**EXERCISE:**
Look below for the line containing "Since the rings" and the line containing "Vintage Boston Traders", then set down both and every line between them exactly, without pictures.

[PROVIDED DATA]

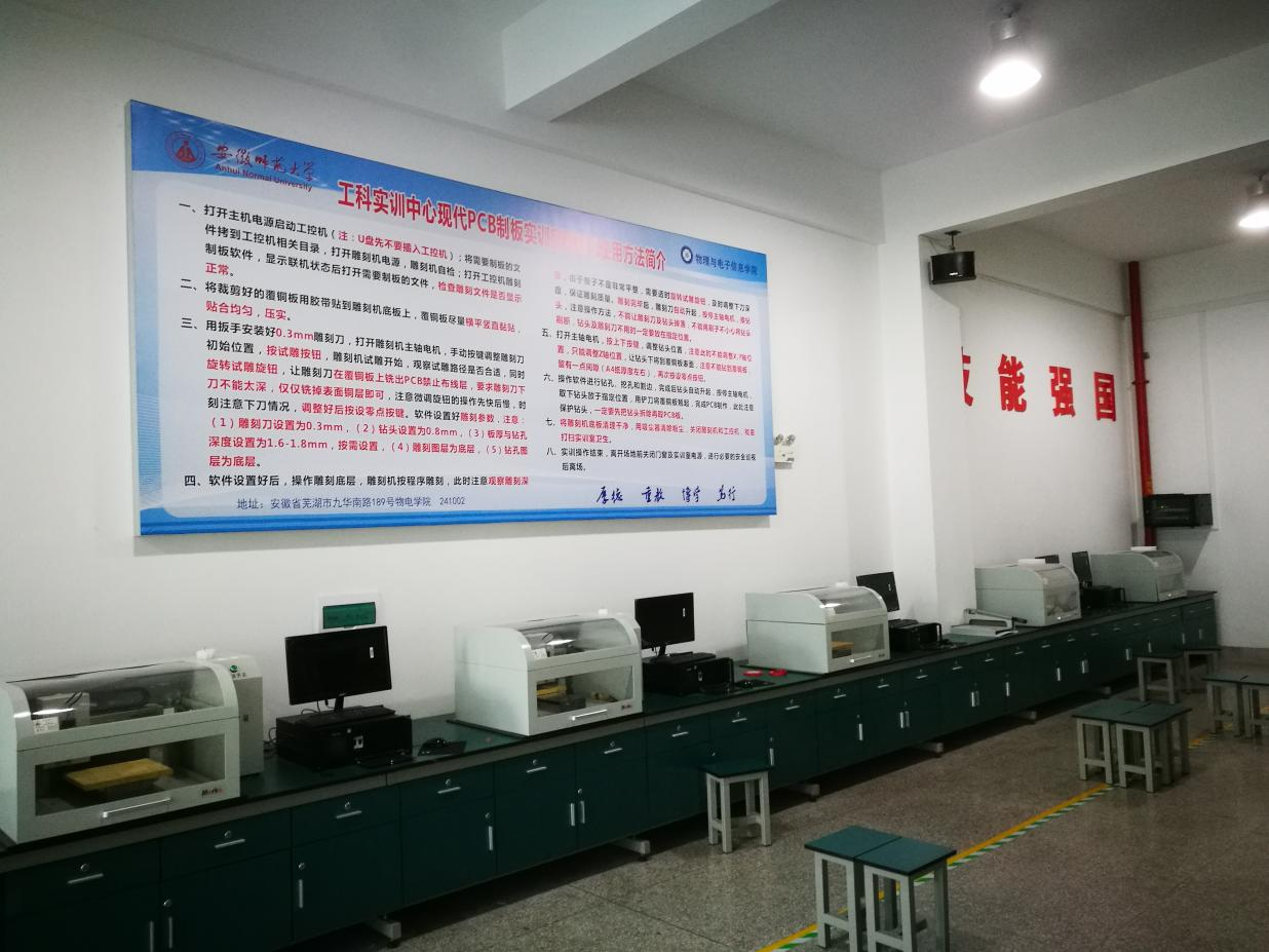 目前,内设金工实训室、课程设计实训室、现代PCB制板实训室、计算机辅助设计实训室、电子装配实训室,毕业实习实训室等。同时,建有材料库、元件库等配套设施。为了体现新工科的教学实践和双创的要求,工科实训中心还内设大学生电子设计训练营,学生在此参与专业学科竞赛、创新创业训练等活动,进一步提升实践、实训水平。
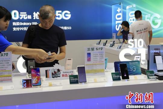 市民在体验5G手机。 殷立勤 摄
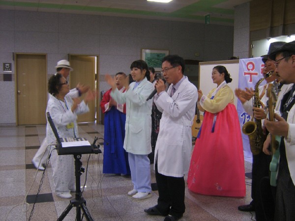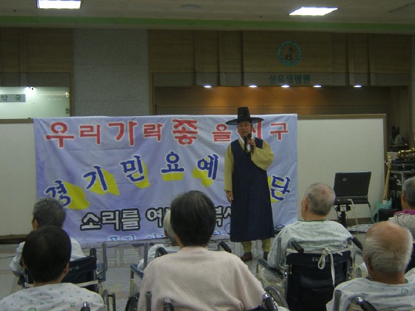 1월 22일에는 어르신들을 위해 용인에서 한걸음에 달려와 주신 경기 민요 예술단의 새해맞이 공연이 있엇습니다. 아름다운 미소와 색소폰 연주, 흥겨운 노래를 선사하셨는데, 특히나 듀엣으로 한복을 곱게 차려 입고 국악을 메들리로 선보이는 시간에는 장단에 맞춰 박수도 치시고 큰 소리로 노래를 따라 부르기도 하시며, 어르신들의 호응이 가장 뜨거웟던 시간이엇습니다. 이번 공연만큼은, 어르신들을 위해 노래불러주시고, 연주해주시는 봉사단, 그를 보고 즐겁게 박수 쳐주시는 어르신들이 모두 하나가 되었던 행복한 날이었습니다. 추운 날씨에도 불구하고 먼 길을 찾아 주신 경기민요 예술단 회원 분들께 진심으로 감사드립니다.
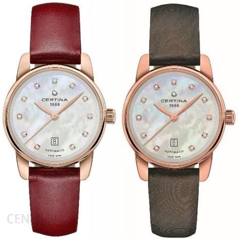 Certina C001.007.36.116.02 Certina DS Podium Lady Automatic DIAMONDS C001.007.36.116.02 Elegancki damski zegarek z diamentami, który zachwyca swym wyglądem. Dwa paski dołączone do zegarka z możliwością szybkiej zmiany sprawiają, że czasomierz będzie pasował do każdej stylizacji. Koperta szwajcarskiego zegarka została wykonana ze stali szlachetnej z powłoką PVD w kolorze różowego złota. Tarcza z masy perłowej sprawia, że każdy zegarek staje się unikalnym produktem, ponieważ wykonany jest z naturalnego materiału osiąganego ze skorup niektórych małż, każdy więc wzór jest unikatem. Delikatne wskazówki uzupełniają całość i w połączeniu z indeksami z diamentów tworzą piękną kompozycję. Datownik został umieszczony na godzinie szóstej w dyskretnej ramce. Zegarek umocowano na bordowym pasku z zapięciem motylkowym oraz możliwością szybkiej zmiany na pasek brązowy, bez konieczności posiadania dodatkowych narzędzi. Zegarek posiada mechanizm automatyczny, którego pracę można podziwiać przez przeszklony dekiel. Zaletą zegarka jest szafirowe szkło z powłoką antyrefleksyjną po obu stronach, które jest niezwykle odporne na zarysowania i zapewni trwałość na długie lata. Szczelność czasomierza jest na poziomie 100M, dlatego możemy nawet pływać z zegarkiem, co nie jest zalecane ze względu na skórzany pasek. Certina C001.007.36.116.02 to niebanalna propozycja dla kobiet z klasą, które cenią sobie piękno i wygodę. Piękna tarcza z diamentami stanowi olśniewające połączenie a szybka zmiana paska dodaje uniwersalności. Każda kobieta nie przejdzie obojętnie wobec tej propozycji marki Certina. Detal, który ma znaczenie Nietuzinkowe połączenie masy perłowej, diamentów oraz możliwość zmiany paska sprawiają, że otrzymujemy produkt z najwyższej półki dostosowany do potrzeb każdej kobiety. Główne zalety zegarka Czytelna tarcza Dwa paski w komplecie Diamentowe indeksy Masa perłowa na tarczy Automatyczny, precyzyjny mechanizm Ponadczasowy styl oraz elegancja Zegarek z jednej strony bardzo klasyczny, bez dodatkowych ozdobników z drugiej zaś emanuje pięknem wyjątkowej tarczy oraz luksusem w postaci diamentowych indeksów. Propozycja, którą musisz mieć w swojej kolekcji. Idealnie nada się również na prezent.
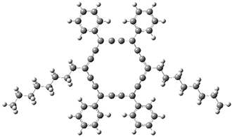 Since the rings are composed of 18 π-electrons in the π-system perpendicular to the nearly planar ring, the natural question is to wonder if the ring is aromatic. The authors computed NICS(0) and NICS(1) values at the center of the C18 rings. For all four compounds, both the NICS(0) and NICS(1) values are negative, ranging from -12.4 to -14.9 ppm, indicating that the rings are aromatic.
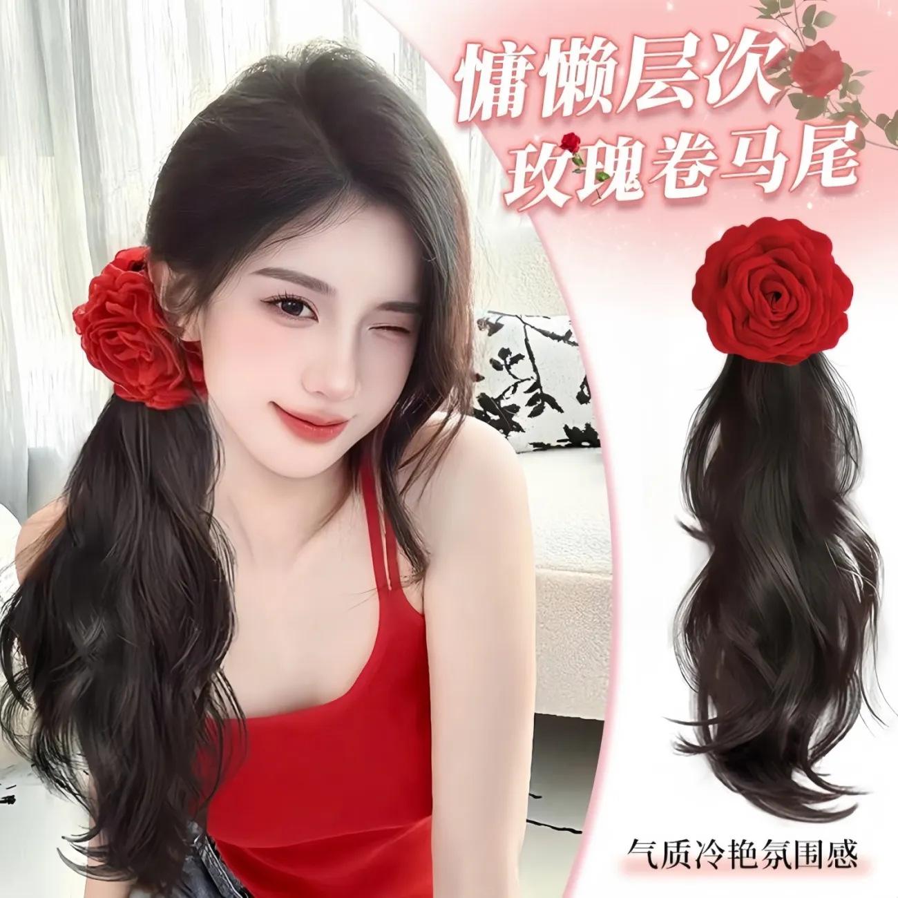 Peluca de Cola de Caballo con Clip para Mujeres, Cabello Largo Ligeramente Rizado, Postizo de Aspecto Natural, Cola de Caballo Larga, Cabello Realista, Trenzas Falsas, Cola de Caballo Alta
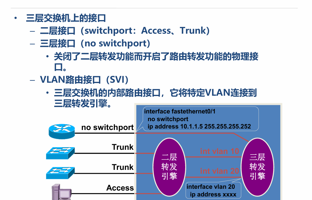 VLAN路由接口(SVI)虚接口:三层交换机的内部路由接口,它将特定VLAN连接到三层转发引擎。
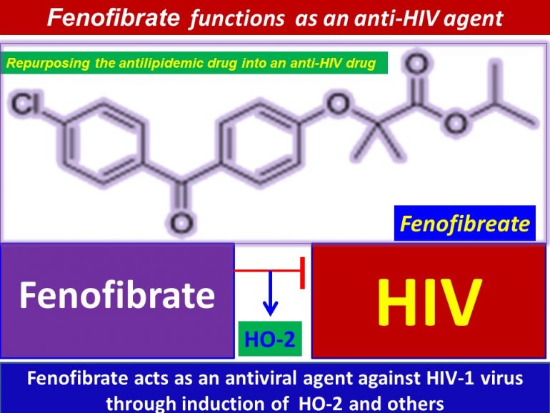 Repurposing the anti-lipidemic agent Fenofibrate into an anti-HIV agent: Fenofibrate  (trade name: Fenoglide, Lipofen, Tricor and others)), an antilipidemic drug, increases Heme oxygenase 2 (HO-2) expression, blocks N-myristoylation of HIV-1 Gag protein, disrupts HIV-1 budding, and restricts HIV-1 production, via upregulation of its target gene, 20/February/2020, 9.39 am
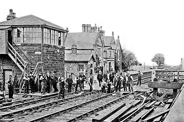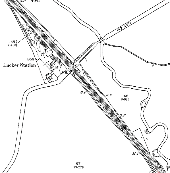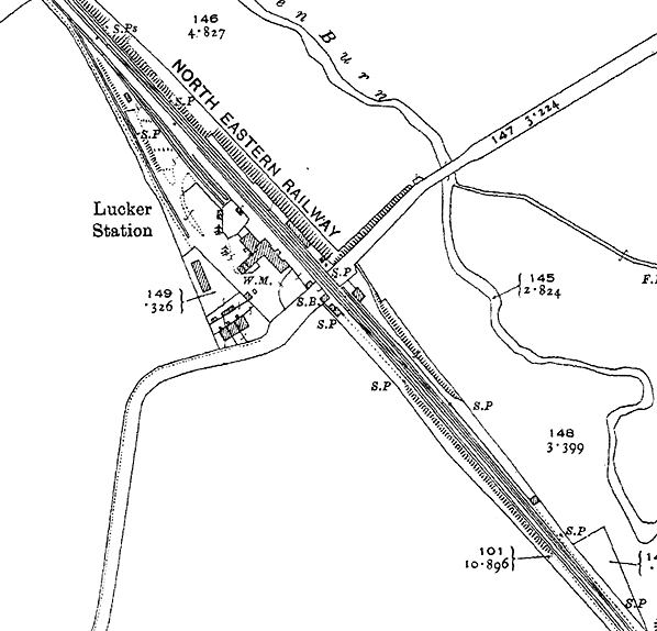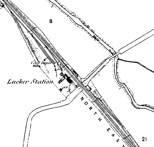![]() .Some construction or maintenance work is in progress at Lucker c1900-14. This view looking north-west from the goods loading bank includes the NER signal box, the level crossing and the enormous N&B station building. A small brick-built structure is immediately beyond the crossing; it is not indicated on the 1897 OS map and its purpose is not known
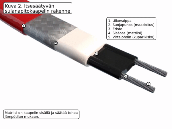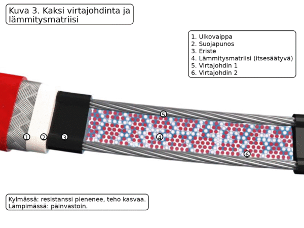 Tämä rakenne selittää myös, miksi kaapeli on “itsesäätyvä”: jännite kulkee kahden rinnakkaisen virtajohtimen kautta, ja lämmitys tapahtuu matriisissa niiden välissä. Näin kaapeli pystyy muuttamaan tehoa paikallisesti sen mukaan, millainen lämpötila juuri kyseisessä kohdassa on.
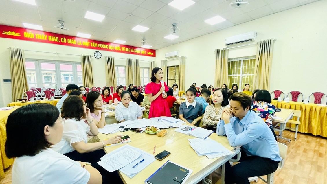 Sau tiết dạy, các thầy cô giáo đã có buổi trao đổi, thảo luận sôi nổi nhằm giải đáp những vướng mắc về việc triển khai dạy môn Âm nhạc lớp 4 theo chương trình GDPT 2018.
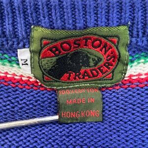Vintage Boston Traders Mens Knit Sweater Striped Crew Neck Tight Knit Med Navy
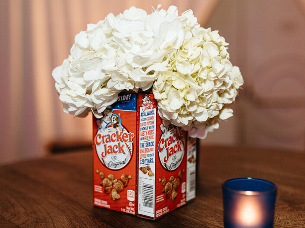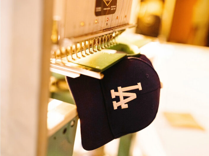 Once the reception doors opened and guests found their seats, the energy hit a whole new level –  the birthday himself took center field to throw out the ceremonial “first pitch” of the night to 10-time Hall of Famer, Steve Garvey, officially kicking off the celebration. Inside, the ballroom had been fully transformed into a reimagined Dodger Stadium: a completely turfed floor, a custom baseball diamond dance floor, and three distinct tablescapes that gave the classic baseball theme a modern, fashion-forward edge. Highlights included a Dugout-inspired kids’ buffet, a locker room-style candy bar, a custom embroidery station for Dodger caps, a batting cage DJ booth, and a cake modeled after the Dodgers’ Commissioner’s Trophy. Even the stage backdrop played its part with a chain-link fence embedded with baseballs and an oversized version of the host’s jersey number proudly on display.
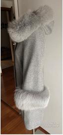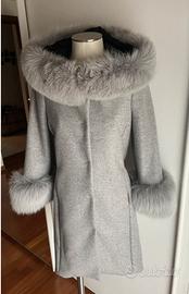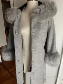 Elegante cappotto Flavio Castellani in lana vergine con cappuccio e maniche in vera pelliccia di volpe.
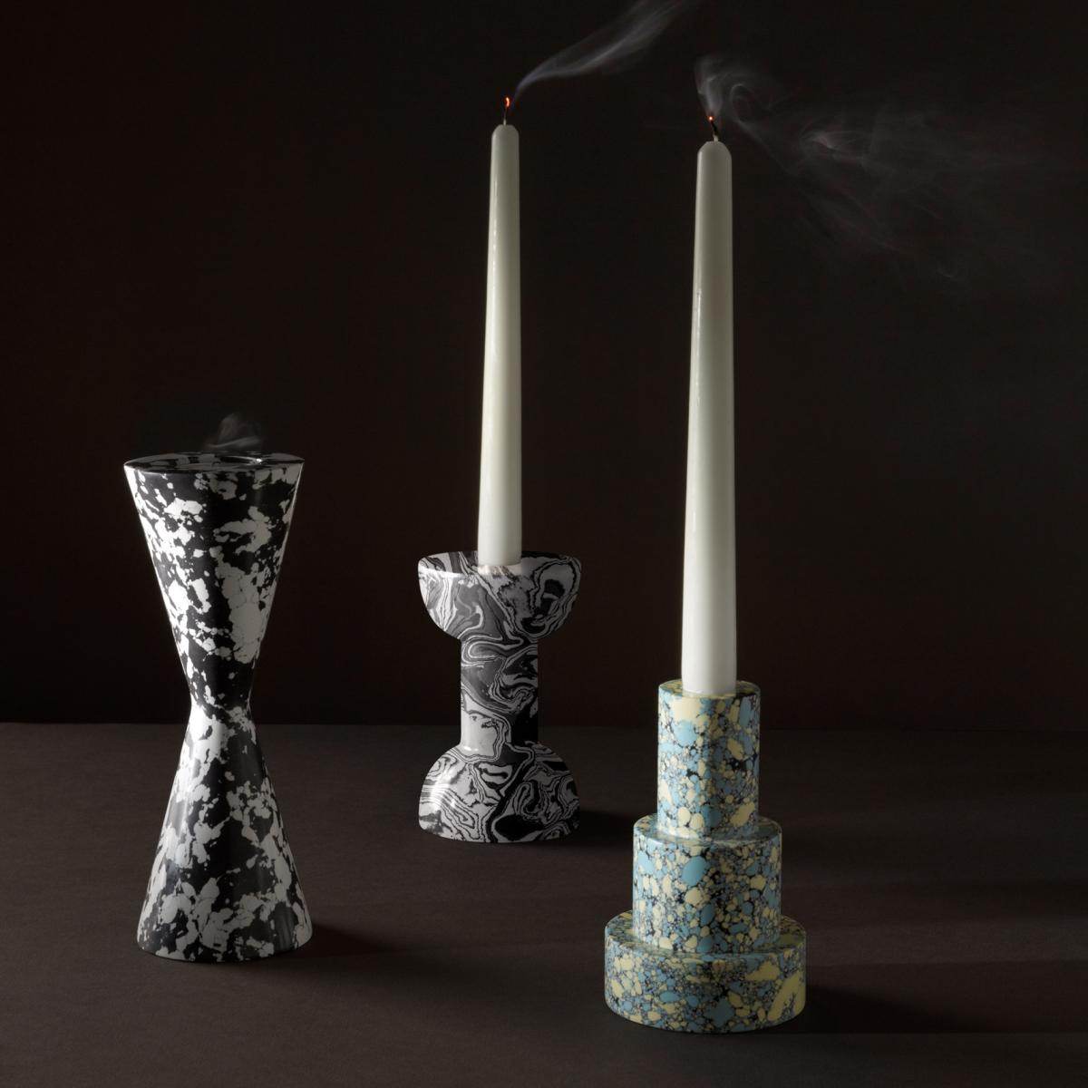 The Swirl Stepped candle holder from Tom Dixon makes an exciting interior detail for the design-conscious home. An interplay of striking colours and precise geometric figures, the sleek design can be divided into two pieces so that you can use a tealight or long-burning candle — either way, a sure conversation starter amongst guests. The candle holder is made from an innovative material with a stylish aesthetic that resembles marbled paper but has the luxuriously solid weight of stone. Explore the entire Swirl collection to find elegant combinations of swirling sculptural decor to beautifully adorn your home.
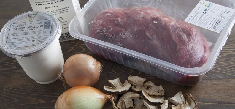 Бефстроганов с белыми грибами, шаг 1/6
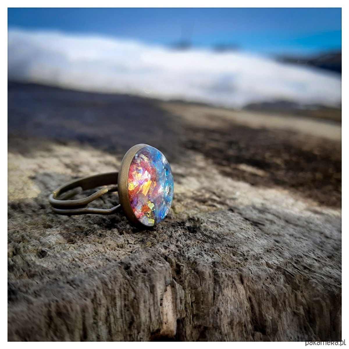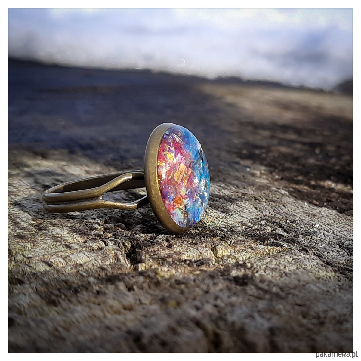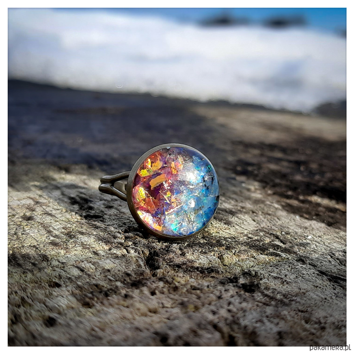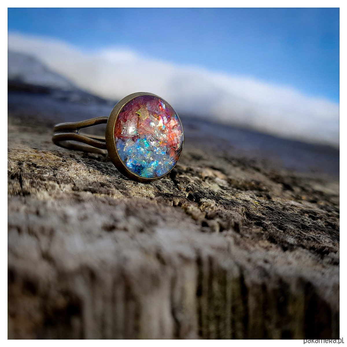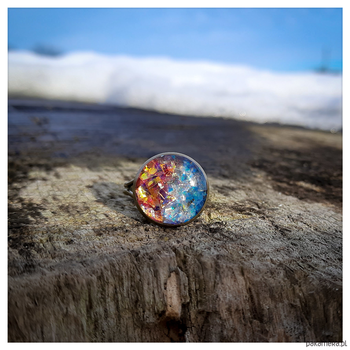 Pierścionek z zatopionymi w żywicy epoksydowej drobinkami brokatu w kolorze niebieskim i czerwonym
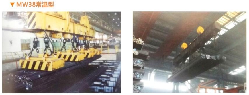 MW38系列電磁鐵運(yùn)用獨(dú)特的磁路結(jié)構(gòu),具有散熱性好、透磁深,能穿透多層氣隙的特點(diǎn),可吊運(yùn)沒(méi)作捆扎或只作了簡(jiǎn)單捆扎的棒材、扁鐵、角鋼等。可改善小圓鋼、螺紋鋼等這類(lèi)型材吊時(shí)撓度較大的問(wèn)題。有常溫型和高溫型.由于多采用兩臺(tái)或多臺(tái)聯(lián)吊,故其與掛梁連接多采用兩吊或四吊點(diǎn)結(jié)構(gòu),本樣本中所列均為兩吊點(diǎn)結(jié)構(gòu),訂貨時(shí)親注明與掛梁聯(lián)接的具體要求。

[/PROVIDED DATA]

**EXERCISE RESULT:**
 Since the rings are composed of 18 π-electrons in the π-system perpendicular to the nearly planar ring, the natural question is to wonder if the ring is aromatic. The authors computed NICS(0) and NICS(1) values at the center of the C18 rings. For all four compounds, both the NICS(0) and NICS(1) values are negative, ranging from -12.4 to -14.9 ppm, indicating that the rings are aromatic.
 Peluca de Cola de Caballo con Clip para Mujeres, Cabello Largo Ligeramente Rizado, Postizo de Aspecto Natural, Cola de Caballo Larga, Cabello Realista, Trenzas Falsas, Cola de Caballo Alta
 VLAN路由接口(SVI)虚接口:三层交换机的内部路由接口,它将特定VLAN连接到三层转发引擎。
 Repurposing the anti-lipidemic agent Fenofibrate into an anti-HIV agent: Fenofibrate  (trade name: Fenoglide, Lipofen, Tricor and others)), an antilipidemic drug, increases Heme oxygenase 2 (HO-2) expression, blocks N-myristoylation of HIV-1 Gag protein, disrupts HIV-1 budding, and restricts HIV-1 production, via upregulation of its target gene, 20/February/2020, 9.39 am
![]() .Some construction or maintenance work is in progress at Lucker c1900-14. This view looking north-west from the goods loading bank includes the NER signal box, the level crossing and the enormous N&B station building. A small brick-built structure is immediately beyond the crossing; it is not indicated on the 1897 OS map and its purpose is not known
 Tämä rakenne selittää myös, miksi kaapeli on “itsesäätyvä”: jännite kulkee kahden rinnakkaisen virtajohtimen kautta, ja lämmitys tapahtuu matriisissa niiden välissä. Näin kaapeli pystyy muuttamaan tehoa paikallisesti sen mukaan, millainen lämpötila juuri kyseisessä kohdassa on.
 Sau tiết dạy, các thầy cô giáo đã có buổi trao đổi, thảo luận sôi nổi nhằm giải đáp những vướng mắc về việc triển khai dạy môn Âm nhạc lớp 4 theo chương trình GDPT 2018.
Vintage Boston Traders Mens Knit Sweater Striped Crew Neck Tight Knit Med Navy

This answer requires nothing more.